PROBLEM STATEMENT: Transcribe only what runs from the line containing "- On a y-o-y" through the end of the listing, line for line and exactly, and omit the pictures.

THE DATA:
========================================

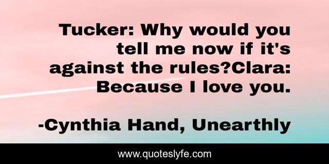 This page presents the quote "Tucker: Why would you tell me now if it's against the rules?Clara: Because I love you.". Author of this quote is Cynthia Hand, Unearthly. This quote is about revelation, sorry, love, affection,.
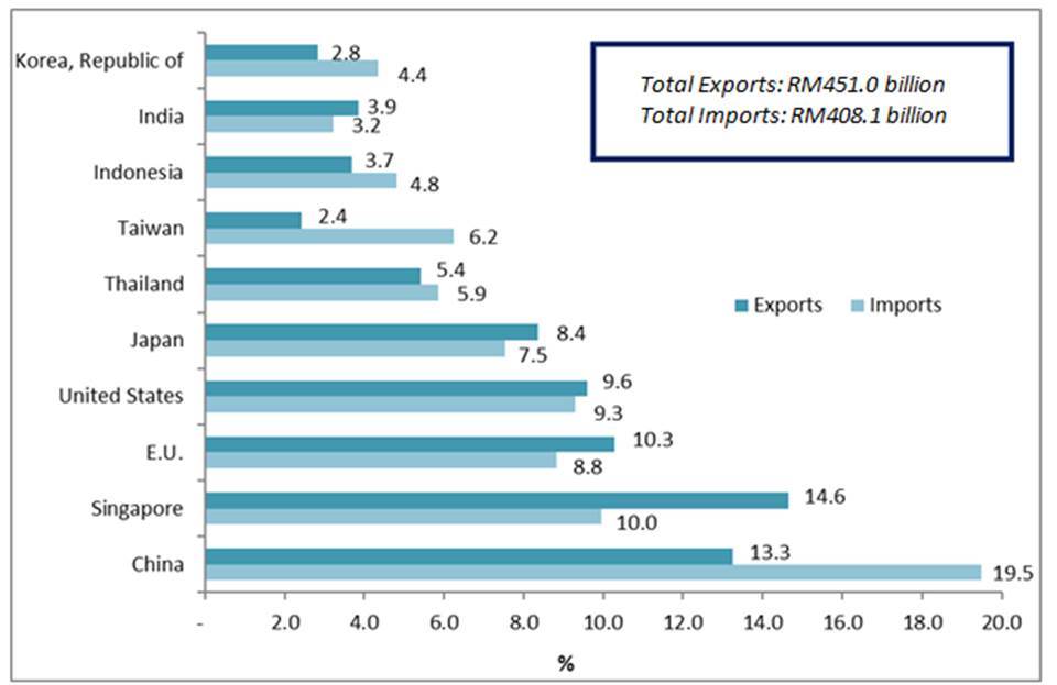 - On a y-o-y basis, exports increased due to the higher exports to China (+RM2.1 billion), Japan (+RM1.2 billion), Singapore (+RM893.0 million), European Union (+RM657.7 million) and Republic of Korea (+RM599.6 million).
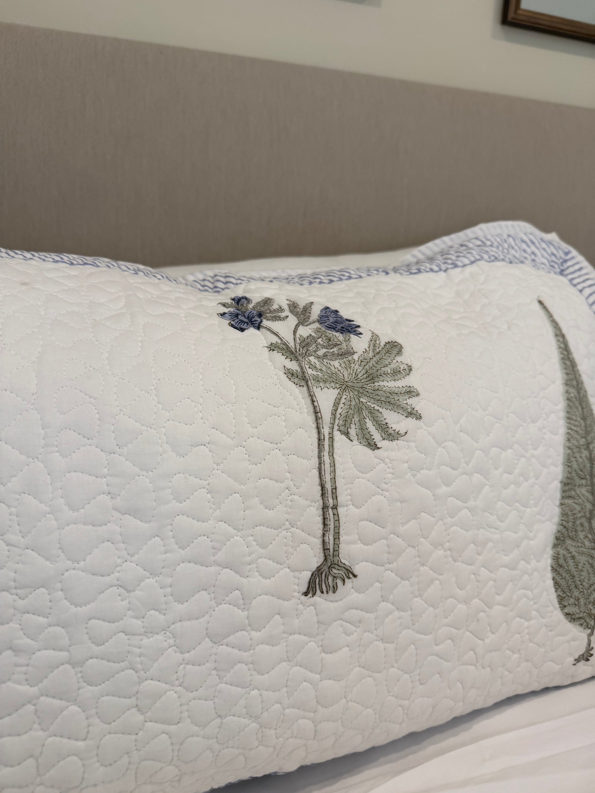 Cypress and Foliage Quilted Hand Block Printed Pillowcase Pair

========================================

RESPONSE AREA:
 - On a y-o-y basis, exports increased due to the higher exports to China (+RM2.1 billion), Japan (+RM1.2 billion), Singapore (+RM893.0 million), European Union (+RM657.7 million) and Republic of Korea (+RM599.6 million).
 Cypress and Foliage Quilted Hand Block Printed Pillowcase Pair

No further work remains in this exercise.